Data shown section start

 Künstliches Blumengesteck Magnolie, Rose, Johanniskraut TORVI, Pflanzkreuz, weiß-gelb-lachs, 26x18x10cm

Data shown section end
Data shown section start

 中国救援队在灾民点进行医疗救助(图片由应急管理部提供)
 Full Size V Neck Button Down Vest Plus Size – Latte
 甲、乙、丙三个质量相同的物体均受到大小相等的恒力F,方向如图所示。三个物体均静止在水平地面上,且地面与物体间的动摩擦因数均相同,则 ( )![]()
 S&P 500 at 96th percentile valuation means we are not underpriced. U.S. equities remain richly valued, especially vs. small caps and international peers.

Data shown section end

• What you are asked to do: Begin with the line above that has "Full Size V" and continue through the line that has "S&P 500 at 96th", setting each one down exactly. Stop there.

• Result below:
 Full Size V Neck Button Down Vest Plus Size – Latte
 甲、乙、丙三个质量相同的物体均受到大小相等的恒力F,方向如图所示。三个物体均静止在水平地面上,且地面与物体间的动摩擦因数均相同,则 ( )![]()
 S&P 500 at 96th percentile valuation means we are not underpriced. U.S. equities remain richly valued, especially vs. small caps and international peers.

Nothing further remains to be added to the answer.